● **TO DO**:
Could you transcribe exactly the lines below, from the line with "组织师生代表在荟文楼505教" through the line with "適用三星Z Flip6電鍍素皮手機殼flip6鱷魚皮紋折曡指環鉸鏈保護套", and nothing else, leaving out the pictures?

● **WORKING DATA**:

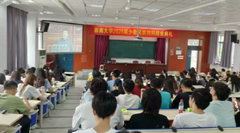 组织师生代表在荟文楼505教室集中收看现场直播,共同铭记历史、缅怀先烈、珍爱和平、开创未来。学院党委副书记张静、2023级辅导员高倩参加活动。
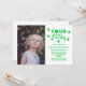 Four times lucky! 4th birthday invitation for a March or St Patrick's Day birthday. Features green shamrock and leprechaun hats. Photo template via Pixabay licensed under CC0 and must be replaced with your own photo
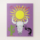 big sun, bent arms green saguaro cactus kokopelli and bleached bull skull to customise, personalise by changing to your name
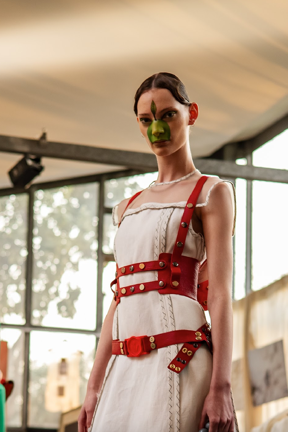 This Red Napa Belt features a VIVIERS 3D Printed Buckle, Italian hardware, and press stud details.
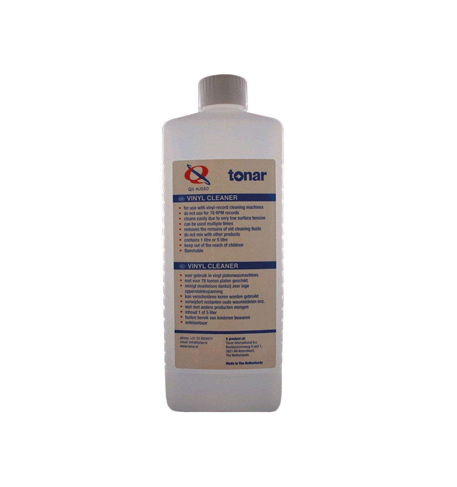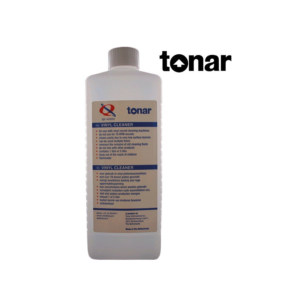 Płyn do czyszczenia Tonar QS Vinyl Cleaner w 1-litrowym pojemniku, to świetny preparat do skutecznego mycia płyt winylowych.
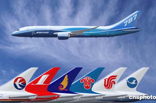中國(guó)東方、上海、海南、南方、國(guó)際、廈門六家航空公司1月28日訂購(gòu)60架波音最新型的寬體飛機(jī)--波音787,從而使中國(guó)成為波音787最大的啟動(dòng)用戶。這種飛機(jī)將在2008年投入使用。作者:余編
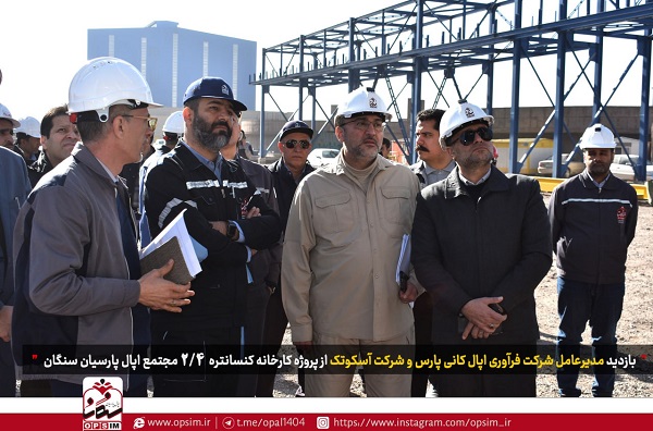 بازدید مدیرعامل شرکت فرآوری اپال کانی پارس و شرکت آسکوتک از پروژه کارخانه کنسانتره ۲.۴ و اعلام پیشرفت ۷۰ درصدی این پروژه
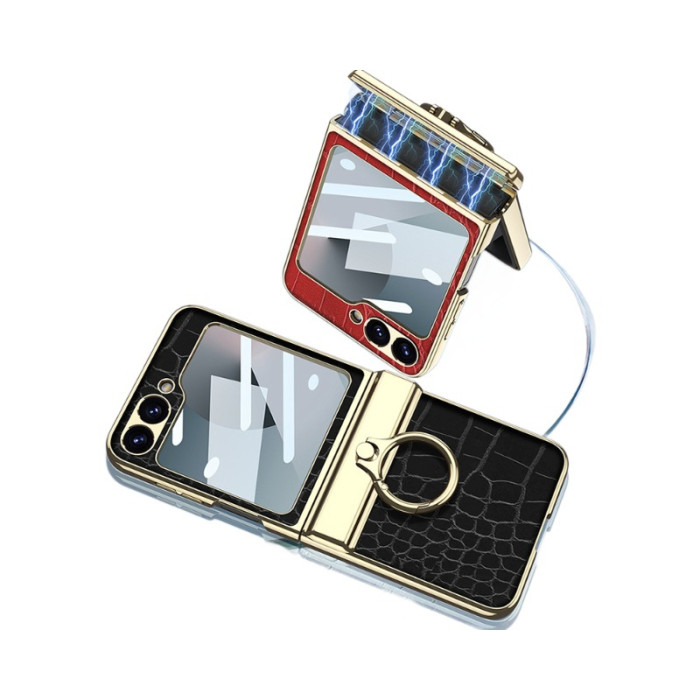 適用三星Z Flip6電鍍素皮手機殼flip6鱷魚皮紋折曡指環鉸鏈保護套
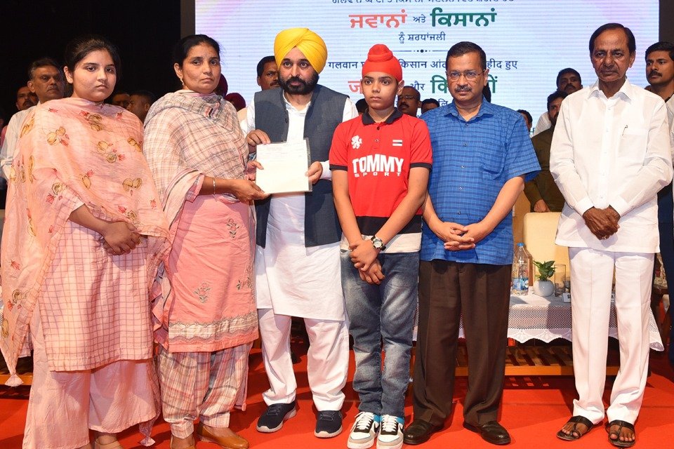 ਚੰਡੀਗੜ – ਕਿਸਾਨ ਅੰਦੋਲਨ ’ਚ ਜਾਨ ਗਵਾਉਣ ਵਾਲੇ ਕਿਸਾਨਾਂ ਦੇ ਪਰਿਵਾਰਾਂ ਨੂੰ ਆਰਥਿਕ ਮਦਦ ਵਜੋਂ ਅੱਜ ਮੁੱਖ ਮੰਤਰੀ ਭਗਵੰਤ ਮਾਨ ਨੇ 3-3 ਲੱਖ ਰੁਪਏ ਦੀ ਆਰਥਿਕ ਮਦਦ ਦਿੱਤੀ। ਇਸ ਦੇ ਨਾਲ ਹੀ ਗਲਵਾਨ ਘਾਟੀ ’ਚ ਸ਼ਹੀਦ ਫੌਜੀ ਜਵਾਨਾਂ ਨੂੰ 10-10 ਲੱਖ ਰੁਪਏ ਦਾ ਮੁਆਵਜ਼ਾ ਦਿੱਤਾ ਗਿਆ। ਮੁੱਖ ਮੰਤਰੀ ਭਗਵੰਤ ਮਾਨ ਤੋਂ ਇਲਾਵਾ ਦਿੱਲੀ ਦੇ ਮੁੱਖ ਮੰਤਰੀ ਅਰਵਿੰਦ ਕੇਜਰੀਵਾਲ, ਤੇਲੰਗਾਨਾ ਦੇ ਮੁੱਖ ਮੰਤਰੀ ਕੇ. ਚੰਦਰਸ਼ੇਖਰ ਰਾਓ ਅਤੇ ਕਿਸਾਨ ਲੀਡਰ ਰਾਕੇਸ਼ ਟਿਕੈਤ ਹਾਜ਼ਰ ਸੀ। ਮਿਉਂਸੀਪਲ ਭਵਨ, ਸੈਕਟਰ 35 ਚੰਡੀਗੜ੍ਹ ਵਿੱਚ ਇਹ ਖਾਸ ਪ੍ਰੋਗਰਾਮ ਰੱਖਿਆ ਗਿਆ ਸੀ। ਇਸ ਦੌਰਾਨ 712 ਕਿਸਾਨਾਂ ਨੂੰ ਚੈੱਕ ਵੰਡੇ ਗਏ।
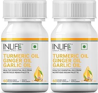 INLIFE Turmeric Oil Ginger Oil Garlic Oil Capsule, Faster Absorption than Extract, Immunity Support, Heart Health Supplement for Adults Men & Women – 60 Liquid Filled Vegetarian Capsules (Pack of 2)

...

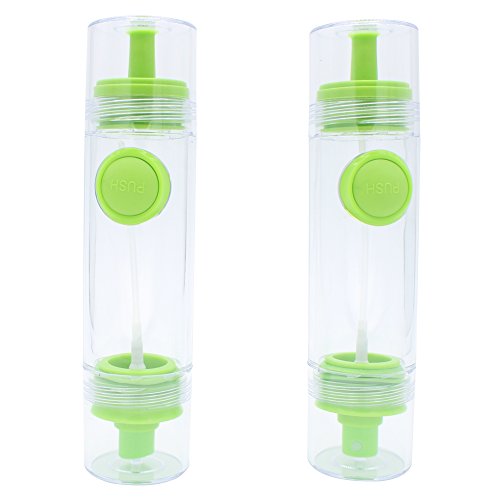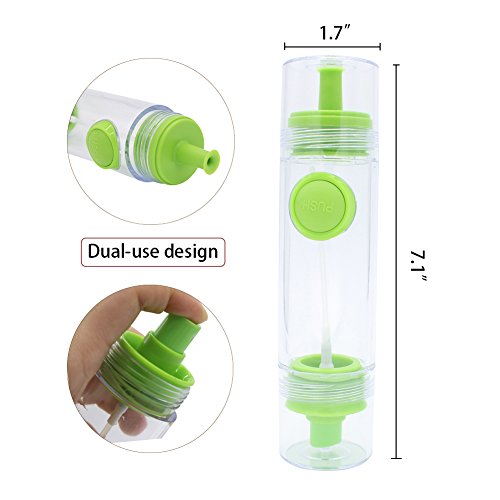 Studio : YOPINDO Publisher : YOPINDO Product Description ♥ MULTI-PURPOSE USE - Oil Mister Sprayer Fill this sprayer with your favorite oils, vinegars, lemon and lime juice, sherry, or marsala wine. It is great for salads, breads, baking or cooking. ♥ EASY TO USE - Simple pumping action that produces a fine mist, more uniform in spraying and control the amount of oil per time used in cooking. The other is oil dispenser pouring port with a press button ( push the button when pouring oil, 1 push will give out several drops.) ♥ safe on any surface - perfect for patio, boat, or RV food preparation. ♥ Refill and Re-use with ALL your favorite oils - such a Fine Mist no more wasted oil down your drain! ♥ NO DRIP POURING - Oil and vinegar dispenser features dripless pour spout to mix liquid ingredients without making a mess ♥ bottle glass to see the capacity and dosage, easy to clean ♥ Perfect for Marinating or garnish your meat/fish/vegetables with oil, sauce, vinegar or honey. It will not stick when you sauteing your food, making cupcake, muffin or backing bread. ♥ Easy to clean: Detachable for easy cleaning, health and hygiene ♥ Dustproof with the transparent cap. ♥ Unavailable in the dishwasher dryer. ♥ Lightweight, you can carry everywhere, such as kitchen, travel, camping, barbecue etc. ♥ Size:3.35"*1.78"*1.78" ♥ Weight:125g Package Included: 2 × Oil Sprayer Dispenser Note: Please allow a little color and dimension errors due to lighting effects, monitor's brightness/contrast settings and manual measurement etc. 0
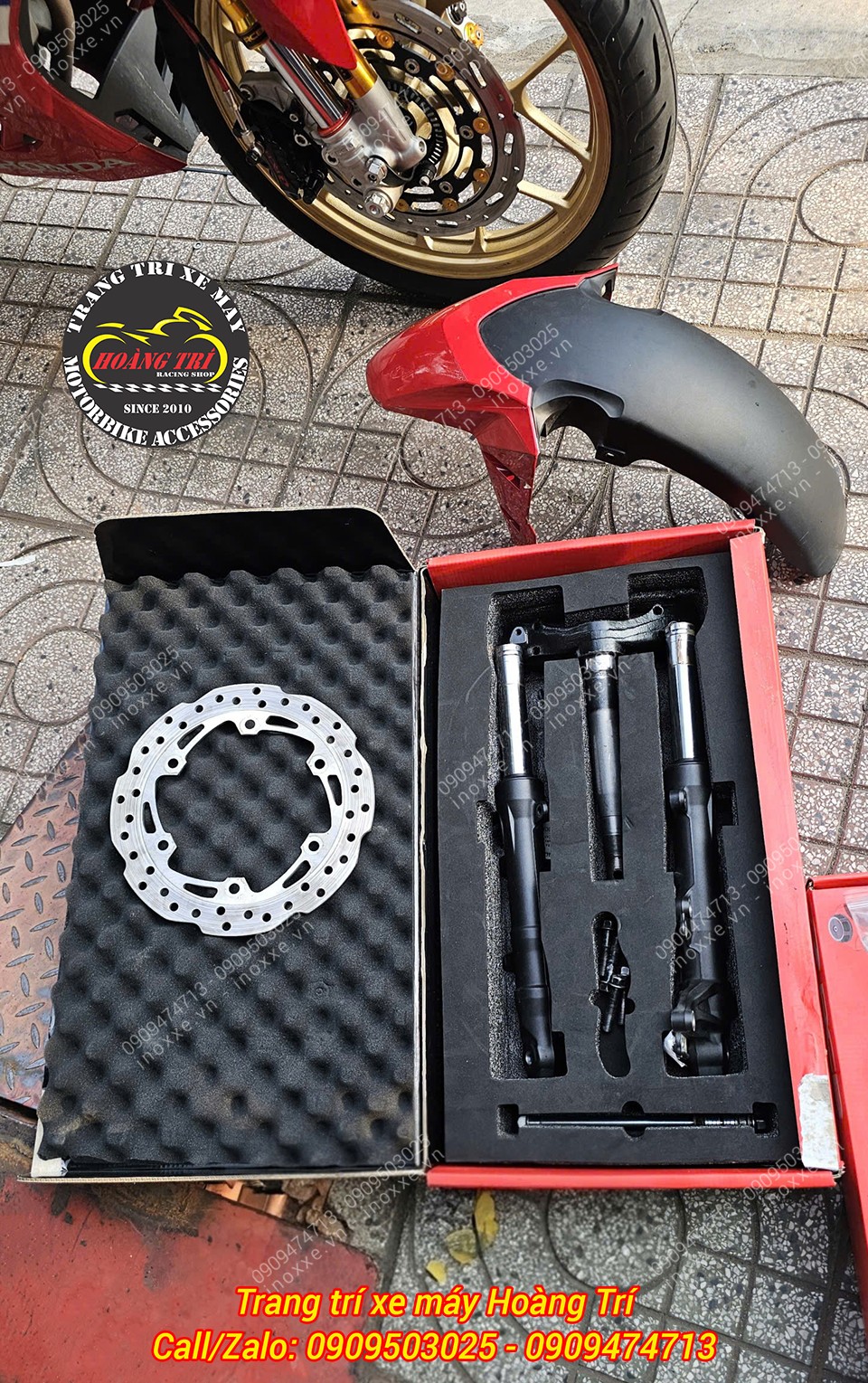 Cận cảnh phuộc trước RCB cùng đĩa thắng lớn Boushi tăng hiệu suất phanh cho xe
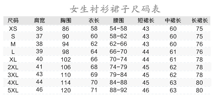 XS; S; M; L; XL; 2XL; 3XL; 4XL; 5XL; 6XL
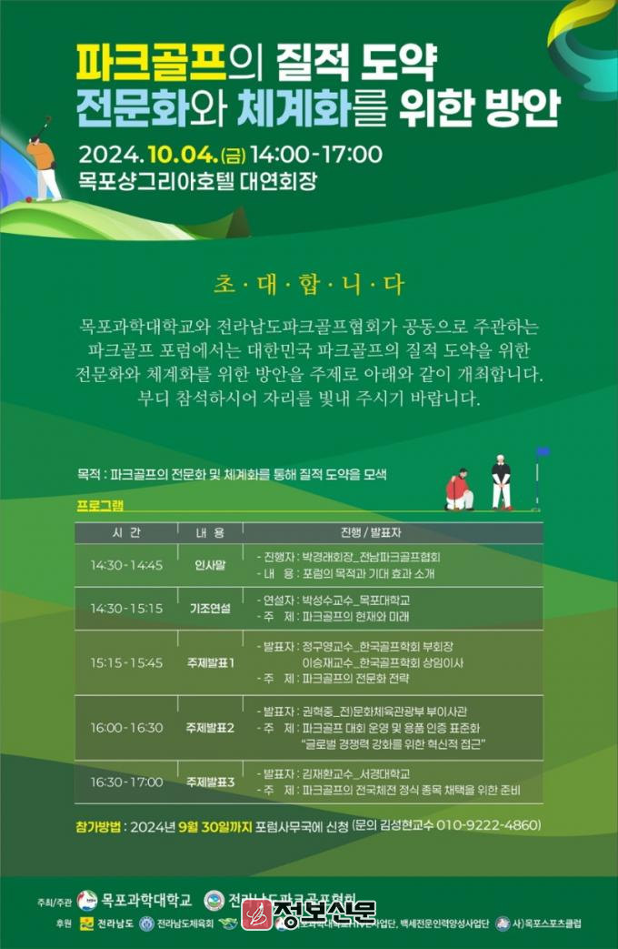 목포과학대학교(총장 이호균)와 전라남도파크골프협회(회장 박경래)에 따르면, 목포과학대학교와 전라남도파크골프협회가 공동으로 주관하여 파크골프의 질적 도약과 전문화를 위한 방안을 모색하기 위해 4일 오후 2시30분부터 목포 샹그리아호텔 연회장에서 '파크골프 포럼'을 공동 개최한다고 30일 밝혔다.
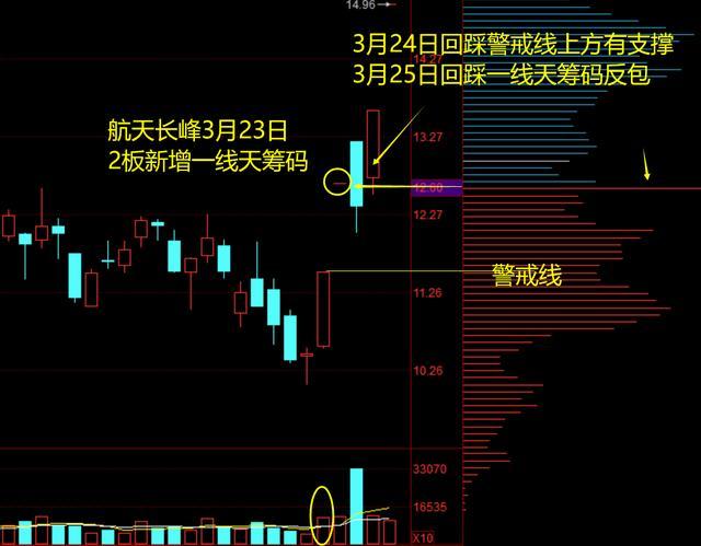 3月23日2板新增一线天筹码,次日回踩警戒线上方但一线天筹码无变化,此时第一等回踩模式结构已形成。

● **REPLY TO THE TASK**:
 组织师生代表在荟文楼505教室集中收看现场直播,共同铭记历史、缅怀先烈、珍爱和平、开创未来。学院党委副书记张静、2023级辅导员高倩参加活动。
 Four times lucky! 4th birthday invitation for a March or St Patrick's Day birthday. Features green shamrock and leprechaun hats. Photo template via Pixabay licensed under CC0 and must be replaced with your own photo
 big sun, bent arms green saguaro cactus kokopelli and bleached bull skull to customise, personalise by changing to your name
 This Red Napa Belt features a VIVIERS 3D Printed Buckle, Italian hardware, and press stud details.
 Płyn do czyszczenia Tonar QS Vinyl Cleaner w 1-litrowym pojemniku, to świetny preparat do skutecznego mycia płyt winylowych.
中國(guó)東方、上海、海南、南方、國(guó)際、廈門六家航空公司1月28日訂購(gòu)60架波音最新型的寬體飛機(jī)--波音787,從而使中國(guó)成為波音787最大的啟動(dòng)用戶。這種飛機(jī)將在2008年投入使用。作者:余編
 بازدید مدیرعامل شرکت فرآوری اپال کانی پارس و شرکت آسکوتک از پروژه کارخانه کنسانتره ۲.۴ و اعلام پیشرفت ۷۰ درصدی این پروژه
 適用三星Z Flip6電鍍素皮手機殼flip6鱷魚皮紋折曡指環鉸鏈保護套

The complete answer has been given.